DIRECTIONS FOR THIS TASK
Of the records that follow, copy only the lines from the line containing "东方市板桥镇新园村曾是深度贫" to the line containing "説明 | 月齢7.6の月の欠け際に見られた、 XやLOVEと読める地形です。 |", both included, exactly as written.

INPUT FOR THIS TASK
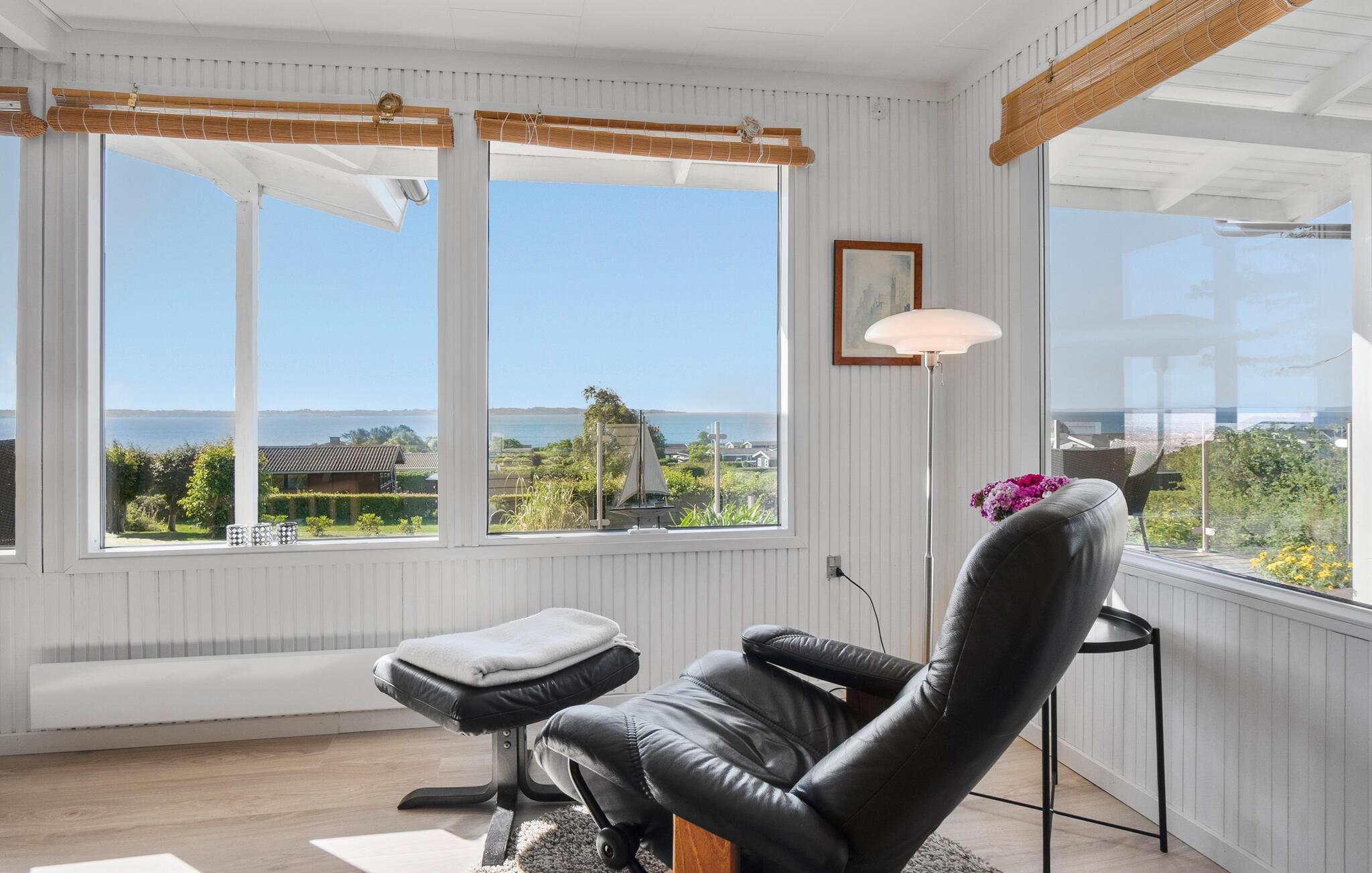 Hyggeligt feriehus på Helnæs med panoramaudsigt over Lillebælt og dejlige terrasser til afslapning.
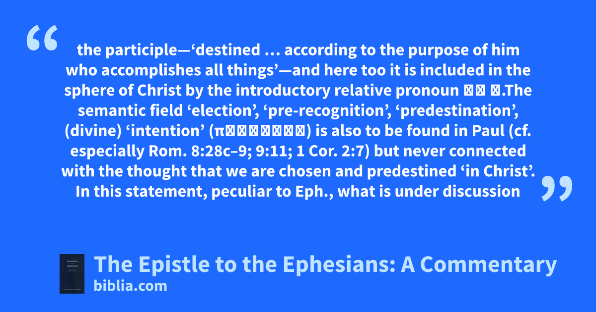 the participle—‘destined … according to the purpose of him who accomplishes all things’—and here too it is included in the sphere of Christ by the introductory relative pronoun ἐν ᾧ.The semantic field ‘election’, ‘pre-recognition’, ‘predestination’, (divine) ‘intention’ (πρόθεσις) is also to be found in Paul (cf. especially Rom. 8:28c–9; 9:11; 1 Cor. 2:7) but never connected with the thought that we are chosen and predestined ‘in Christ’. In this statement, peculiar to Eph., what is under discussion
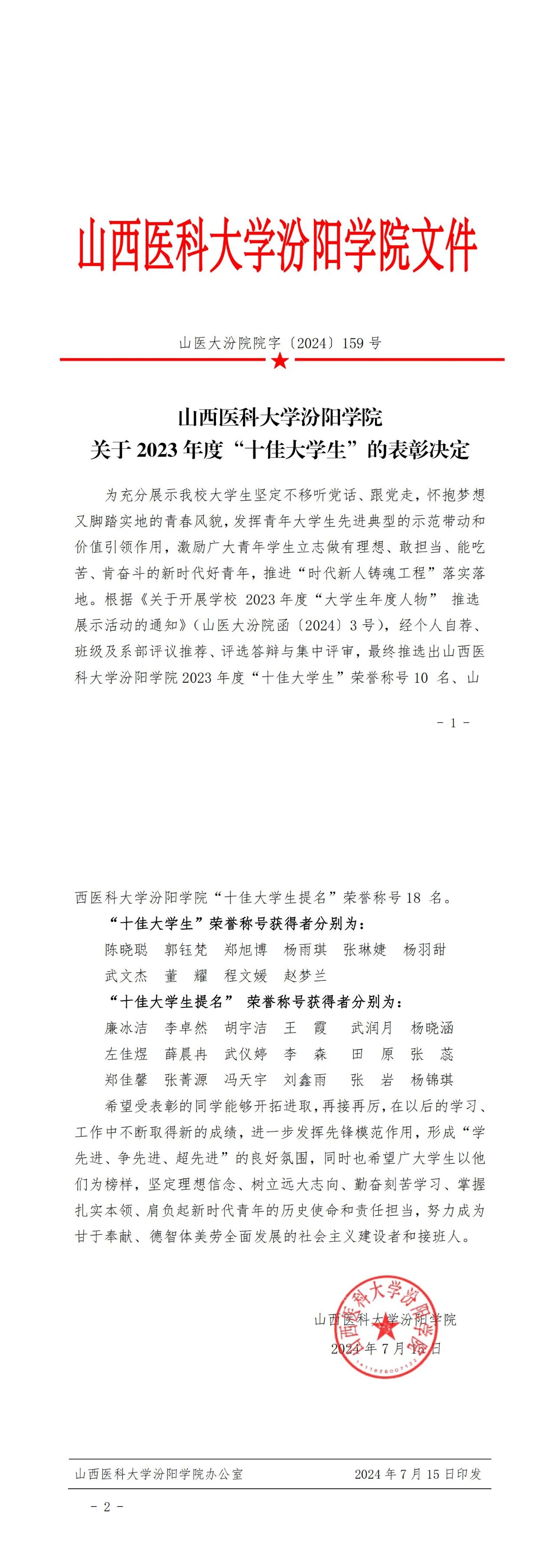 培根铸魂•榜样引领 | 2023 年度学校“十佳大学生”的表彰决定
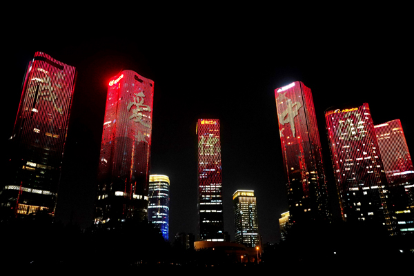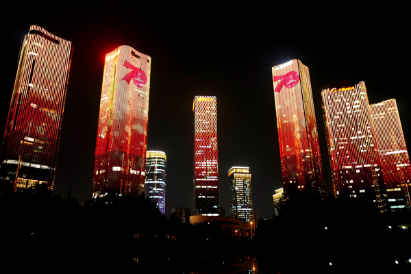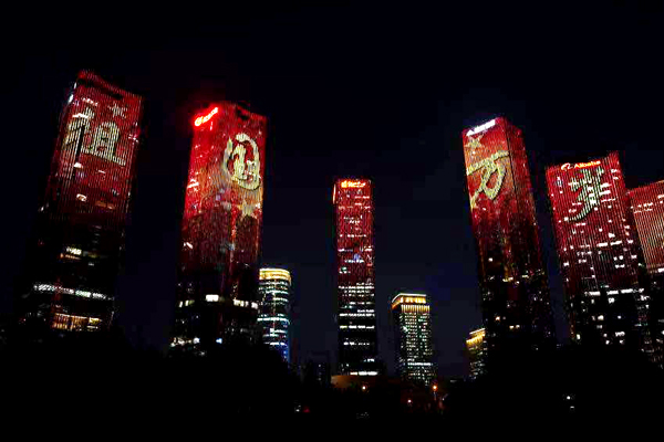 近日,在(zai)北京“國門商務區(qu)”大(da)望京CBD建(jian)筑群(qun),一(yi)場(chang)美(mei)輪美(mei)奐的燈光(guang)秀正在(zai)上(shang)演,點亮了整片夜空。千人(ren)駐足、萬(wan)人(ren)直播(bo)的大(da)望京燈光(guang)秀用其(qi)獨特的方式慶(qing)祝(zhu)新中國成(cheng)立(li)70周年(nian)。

---

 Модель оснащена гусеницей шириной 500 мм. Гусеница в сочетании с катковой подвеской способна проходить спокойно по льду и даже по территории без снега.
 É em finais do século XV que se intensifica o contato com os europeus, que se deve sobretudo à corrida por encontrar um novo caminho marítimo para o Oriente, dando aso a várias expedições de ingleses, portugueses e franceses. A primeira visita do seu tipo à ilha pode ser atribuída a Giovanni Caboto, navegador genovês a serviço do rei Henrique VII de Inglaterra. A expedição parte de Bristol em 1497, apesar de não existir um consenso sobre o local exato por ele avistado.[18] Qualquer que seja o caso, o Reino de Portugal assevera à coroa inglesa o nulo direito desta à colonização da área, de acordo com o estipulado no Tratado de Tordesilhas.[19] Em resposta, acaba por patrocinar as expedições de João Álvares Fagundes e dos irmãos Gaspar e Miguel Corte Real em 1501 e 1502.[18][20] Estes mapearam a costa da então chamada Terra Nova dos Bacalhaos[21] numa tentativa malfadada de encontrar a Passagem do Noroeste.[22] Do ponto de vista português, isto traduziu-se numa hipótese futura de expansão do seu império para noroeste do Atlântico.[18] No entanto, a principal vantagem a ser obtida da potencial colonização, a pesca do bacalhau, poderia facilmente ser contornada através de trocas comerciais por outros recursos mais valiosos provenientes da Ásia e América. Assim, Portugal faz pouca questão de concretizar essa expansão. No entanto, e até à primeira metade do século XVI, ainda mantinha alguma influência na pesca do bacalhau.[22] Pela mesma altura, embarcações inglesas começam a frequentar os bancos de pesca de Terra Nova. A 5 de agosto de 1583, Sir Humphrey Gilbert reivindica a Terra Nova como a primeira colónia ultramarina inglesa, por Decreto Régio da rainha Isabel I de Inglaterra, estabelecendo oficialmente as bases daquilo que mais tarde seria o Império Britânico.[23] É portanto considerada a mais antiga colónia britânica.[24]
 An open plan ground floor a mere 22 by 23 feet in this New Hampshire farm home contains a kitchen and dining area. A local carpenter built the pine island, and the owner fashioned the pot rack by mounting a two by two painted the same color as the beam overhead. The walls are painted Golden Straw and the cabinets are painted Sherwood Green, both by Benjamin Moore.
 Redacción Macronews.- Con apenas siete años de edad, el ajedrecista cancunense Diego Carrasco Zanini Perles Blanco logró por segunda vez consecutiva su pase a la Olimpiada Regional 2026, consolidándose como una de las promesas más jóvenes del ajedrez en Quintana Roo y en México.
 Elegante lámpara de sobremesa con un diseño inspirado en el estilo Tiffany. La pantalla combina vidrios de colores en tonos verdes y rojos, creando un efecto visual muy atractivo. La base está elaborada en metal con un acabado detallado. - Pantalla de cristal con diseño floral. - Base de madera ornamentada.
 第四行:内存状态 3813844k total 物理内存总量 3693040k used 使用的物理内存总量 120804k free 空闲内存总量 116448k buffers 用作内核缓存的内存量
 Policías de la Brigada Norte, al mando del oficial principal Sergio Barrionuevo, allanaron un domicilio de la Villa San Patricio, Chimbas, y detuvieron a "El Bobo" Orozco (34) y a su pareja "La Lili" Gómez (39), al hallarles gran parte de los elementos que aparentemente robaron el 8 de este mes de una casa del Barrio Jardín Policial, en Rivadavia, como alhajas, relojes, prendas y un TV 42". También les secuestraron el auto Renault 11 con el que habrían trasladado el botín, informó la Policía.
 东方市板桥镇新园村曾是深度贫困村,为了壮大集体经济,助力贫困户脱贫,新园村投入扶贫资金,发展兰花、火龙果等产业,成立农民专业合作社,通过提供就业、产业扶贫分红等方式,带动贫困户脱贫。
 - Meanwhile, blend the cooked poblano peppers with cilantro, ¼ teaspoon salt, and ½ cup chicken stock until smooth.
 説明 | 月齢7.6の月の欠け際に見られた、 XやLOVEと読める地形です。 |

OUTPUT FOR THIS TASK
 东方市板桥镇新园村曾是深度贫困村,为了壮大集体经济,助力贫困户脱贫,新园村投入扶贫资金,发展兰花、火龙果等产业,成立农民专业合作社,通过提供就业、产业扶贫分红等方式,带动贫困户脱贫。
 - Meanwhile, blend the cooked poblano peppers with cilantro, ¼ teaspoon salt, and ½ cup chicken stock until smooth.
 説明 | 月齢7.6の月の欠け際に見られた、 XやLOVEと読める地形です。 |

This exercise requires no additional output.